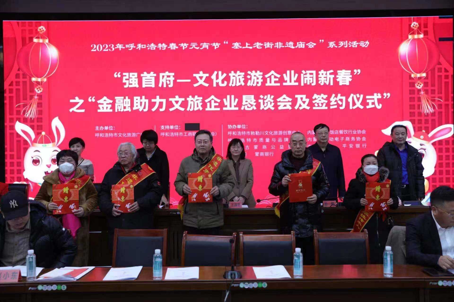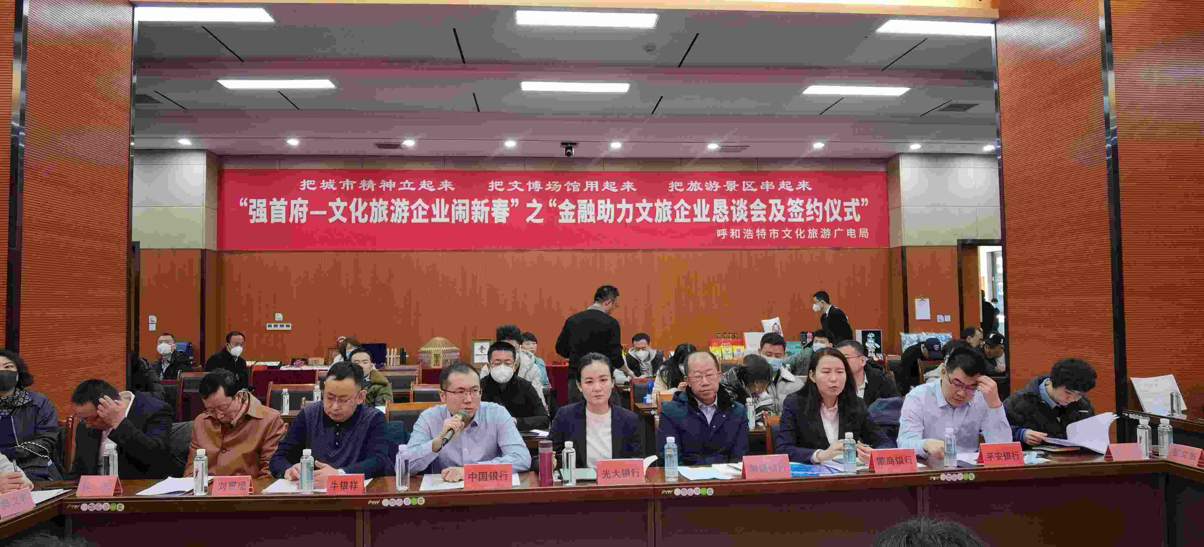 2月4日,呼和浩特市文化旅游廣電局與呼市工商聯(lián)(總商會)舉辦“強首府—文化旅游企業(yè)鬧新春”之“金融助力文旅企業(yè)懇談會及簽約儀式”,共同為首府提振市場信心、促進文化旅游產(chǎn)業(yè)高質量發(fā)展、促進首府“六大產(chǎn)業(yè)集群”作出貢獻。
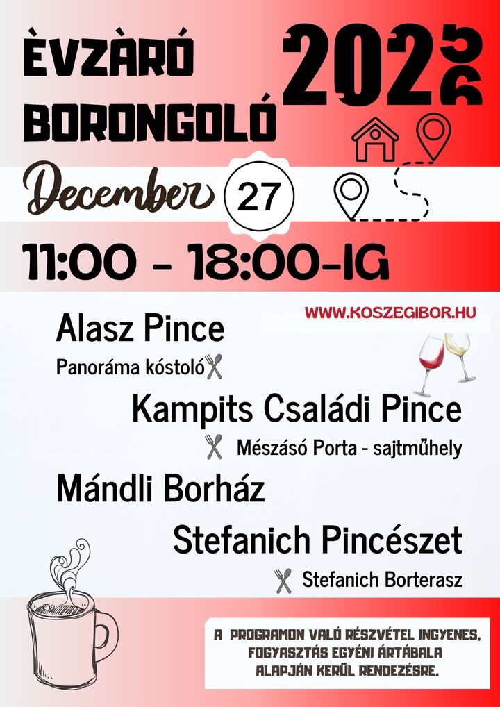 December végén, amikor az év utolsó napjait számláljuk, a borok szerelmesei számára különleges élményben lehet részük: a Pogányok szőlőhegy egyik legizgalmasabb bortúráján. A borász közösségünk által szervezett esemény 2025. december 27-én kerül megrendezésre, 11 órától egészen 18 óráig várunk minden kedves érdeklődőt.
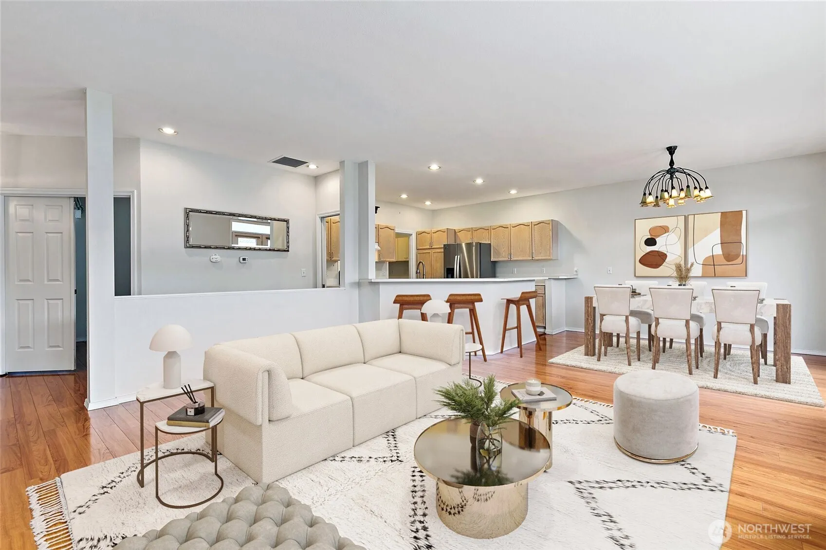 Fantastic one-level corner-lot home in the highly desired, gated community of Chambers Gardens! Step inside to bright, open living spaces featuring large picture windows that flood the home with natural light, an inviting gas fireplace, & an open-concept layout connecting the living, kitchen, & dining areas. The dining room opens directly to the private garden patio—perfect for relaxing or entertaining. The spacious primary bedroom includes a double vanity & soaking tub. Two additional bedrooms & a second full bath offer plenty of flexibility for guests, work, or hobbies. A large two-car garage provides excellent storage. All of this in an ideal location with an easy commute & just minutes from restaurants, shopping, schools, and more!
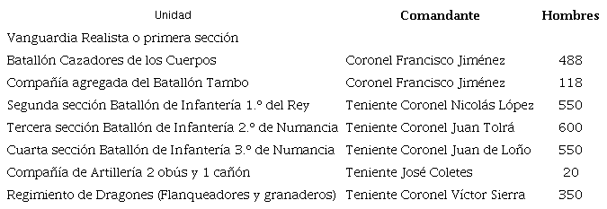 En cuanto al Ejército Realista, este se encontraba bajo el mando del Coronel José María Barreiro Manjón, cuyo Jefe de Estado Mayor era el Teniente Coronel Sebastián Díaz. Las tropas del Ejército Realista estaban organizadas en cuatro secciones, un regimiento de dragones y una compañía de artillería (Tabla 3 y Figura 6).
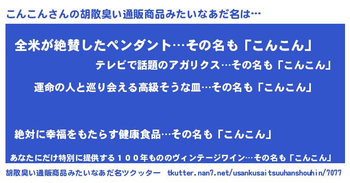 | ヒーロー風カッコイイあだ名 | 『ウルトラこんこんマン』『炎刃騎士コン』 |
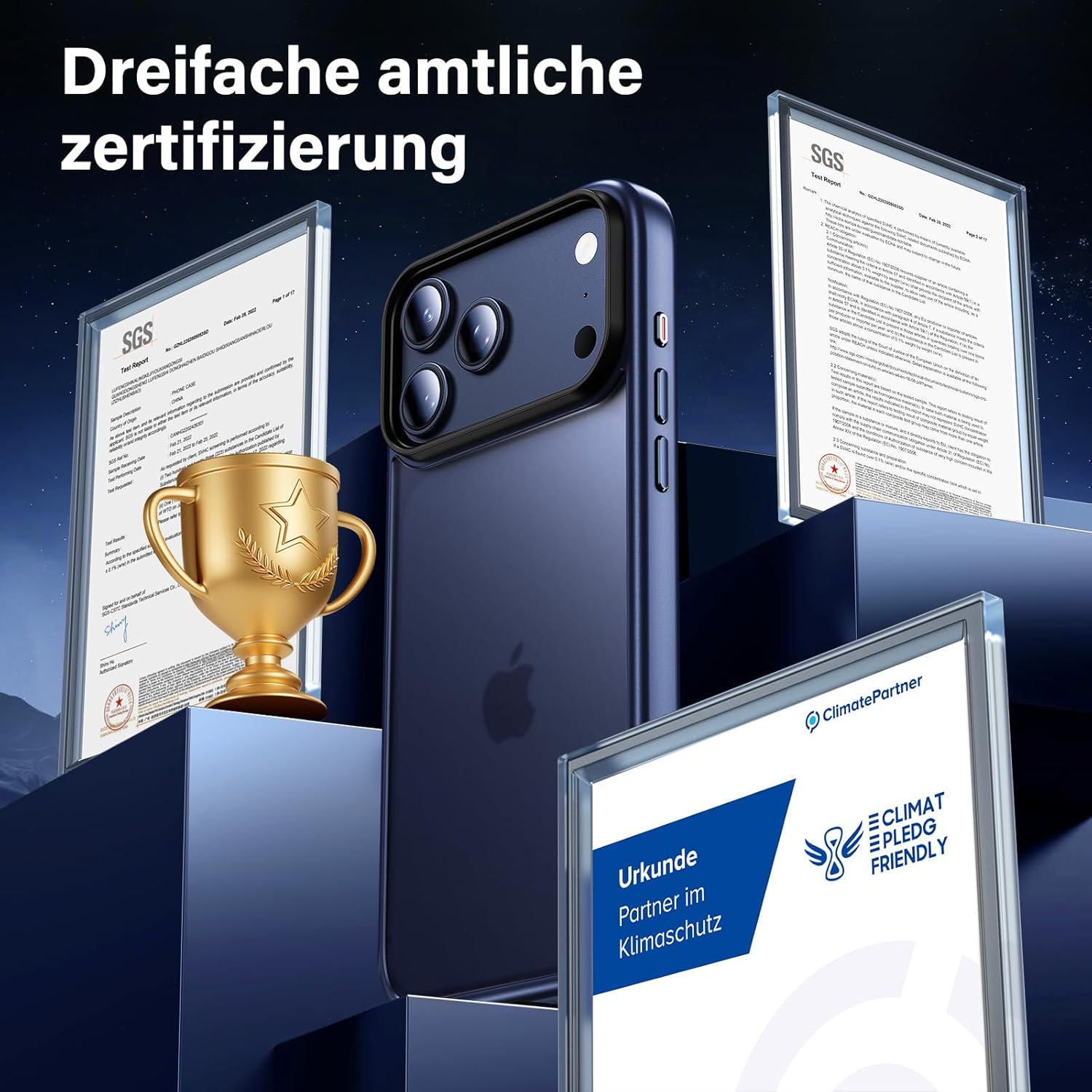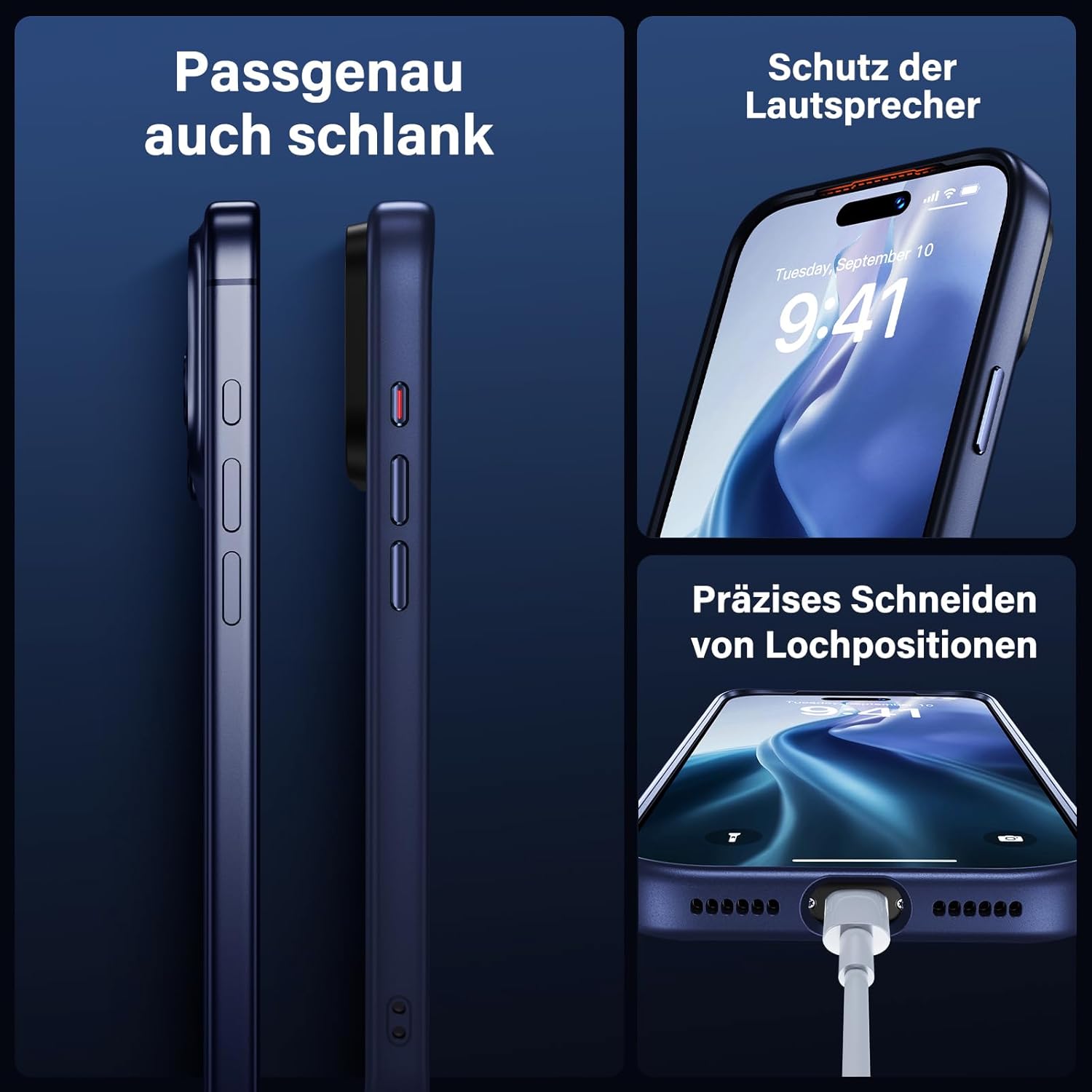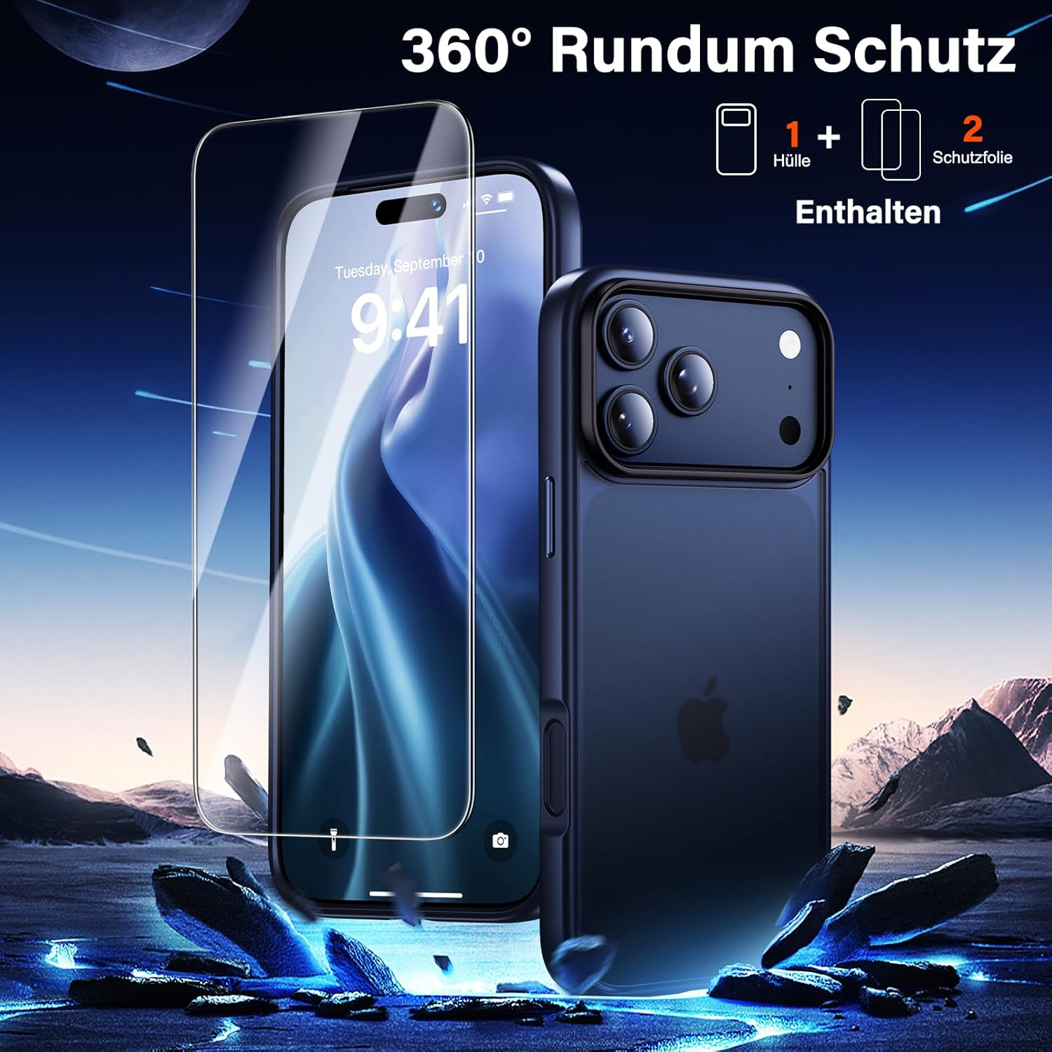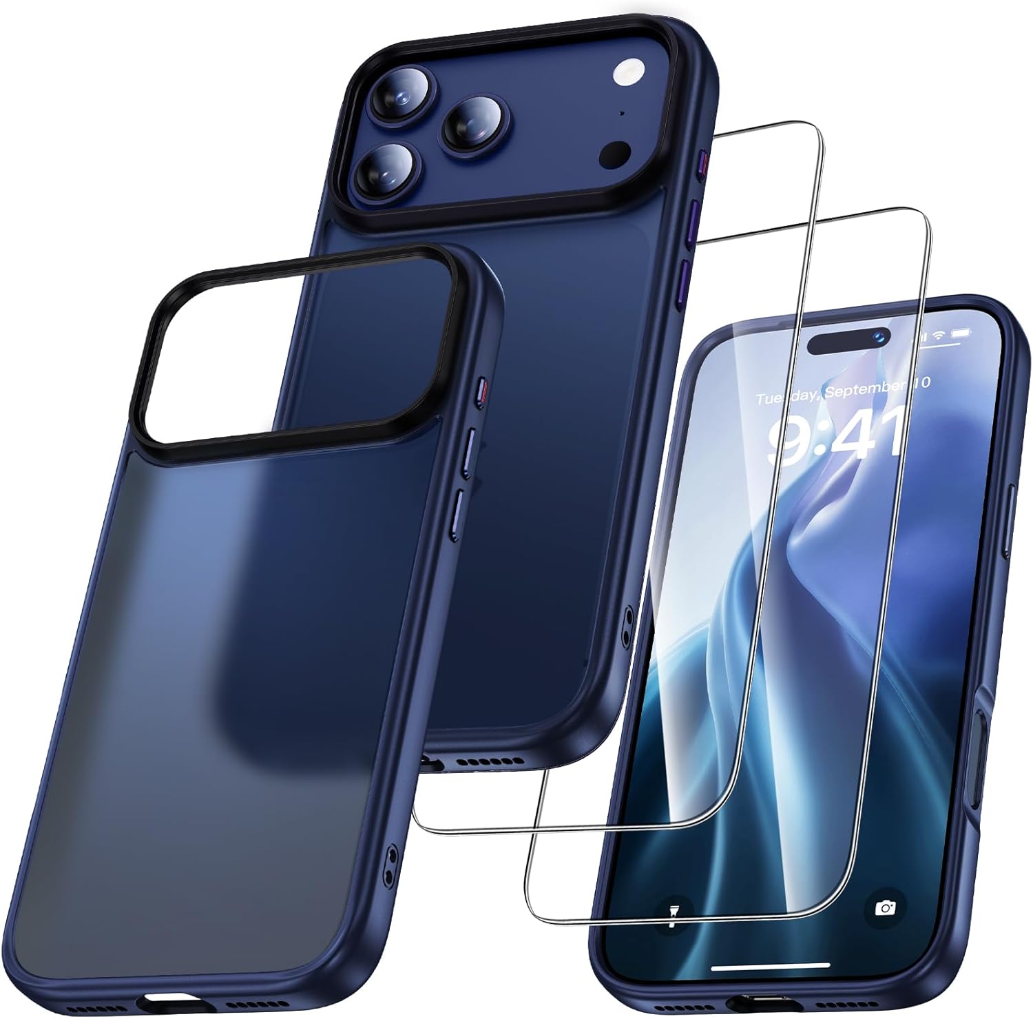 UniqueMe калъф за iPhone 17 Pro Max - калъф за мобилен телефон за iPhone 17 Pro Max, комплект калъфи за цялостна защита, защитен калъф, 1 калъф за мобилен телефон и 2 протектора за екран - матово син
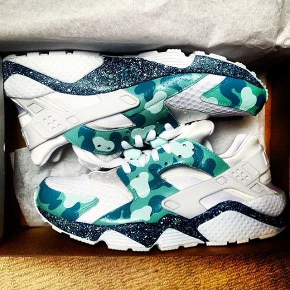 The Nike Air Huarache “Mint Camo” customs by Poco Bentley feature a mint green camouflage print, with hues of blue and white accents incorporated in the pattern. The camouflage pattern attacks the toe caps and midfoot overlays, while the rest of the mesh and leather uppers remain in a crisp white. The midsole gets in on the action as well, arriving in a dark blue, galaxy-like design. Speckles of mint green, blue and white shower the dark blue base on the midsoles, which is layered by the rigid outsole of the Air Huarache.
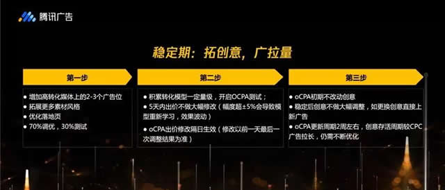 2、稳定期:拓创意,广拉量:为品牌提供优化建议 “黄金七法则”适用于品牌广告投放的测试期,而在投放稳定期,品牌应通过既有的运营技巧获得更多的流量、创造更多的用户转化。对此,腾讯为广告主提供了“oCPA测试”,为品牌寻找高潜在转化用户,并针对投放提出有效的建议。
────────────────────
### The task
With the pictures excluded, the records are to be reproduced exactly.

### The answer
 2月4日,呼和浩特市文化旅游廣電局與呼市工商聯(lián)(總商會)舉辦“強首府—文化旅游企業(yè)鬧新春”之“金融助力文旅企業(yè)懇談會及簽約儀式”,共同為首府提振市場信心、促進文化旅游產(chǎn)業(yè)高質量發(fā)展、促進首府“六大產(chǎn)業(yè)集群”作出貢獻。
 December végén, amikor az év utolsó napjait számláljuk, a borok szerelmesei számára különleges élményben lehet részük: a Pogányok szőlőhegy egyik legizgalmasabb bortúráján. A borász közösségünk által szervezett esemény 2025. december 27-én kerül megrendezésre, 11 órától egészen 18 óráig várunk minden kedves érdeklődőt.
 Fantastic one-level corner-lot home in the highly desired, gated community of Chambers Gardens! Step inside to bright, open living spaces featuring large picture windows that flood the home with natural light, an inviting gas fireplace, & an open-concept layout connecting the living, kitchen, & dining areas. The dining room opens directly to the private garden patio—perfect for relaxing or entertaining. The spacious primary bedroom includes a double vanity & soaking tub. Two additional bedrooms & a second full bath offer plenty of flexibility for guests, work, or hobbies. A large two-car garage provides excellent storage. All of this in an ideal location with an easy commute & just minutes from restaurants, shopping, schools, and more!
 En cuanto al Ejército Realista, este se encontraba bajo el mando del Coronel José María Barreiro Manjón, cuyo Jefe de Estado Mayor era el Teniente Coronel Sebastián Díaz. Las tropas del Ejército Realista estaban organizadas en cuatro secciones, un regimiento de dragones y una compañía de artillería (Tabla 3 y Figura 6).
 | ヒーロー風カッコイイあだ名 | 『ウルトラこんこんマン』『炎刃騎士コン』 |
 UniqueMe калъф за iPhone 17 Pro Max - калъф за мобилен телефон за iPhone 17 Pro Max, комплект калъфи за цялостна защита, защитен калъф, 1 калъф за мобилен телефон и 2 протектора за екран - матово син
 The Nike Air Huarache “Mint Camo” customs by Poco Bentley feature a mint green camouflage print, with hues of blue and white accents incorporated in the pattern. The camouflage pattern attacks the toe caps and midfoot overlays, while the rest of the mesh and leather uppers remain in a crisp white. The midsole gets in on the action as well, arriving in a dark blue, galaxy-like design. Speckles of mint green, blue and white shower the dark blue base on the midsoles, which is layered by the rigid outsole of the Air Huarache.
 2、稳定期:拓创意,广拉量:为品牌提供优化建议 “黄金七法则”适用于品牌广告投放的测试期,而在投放稳定期,品牌应通过既有的运营技巧获得更多的流量、创造更多的用户转化。对此,腾讯为广告主提供了“oCPA测试”,为品牌寻找高潜在转化用户,并针对投放提出有效的建议。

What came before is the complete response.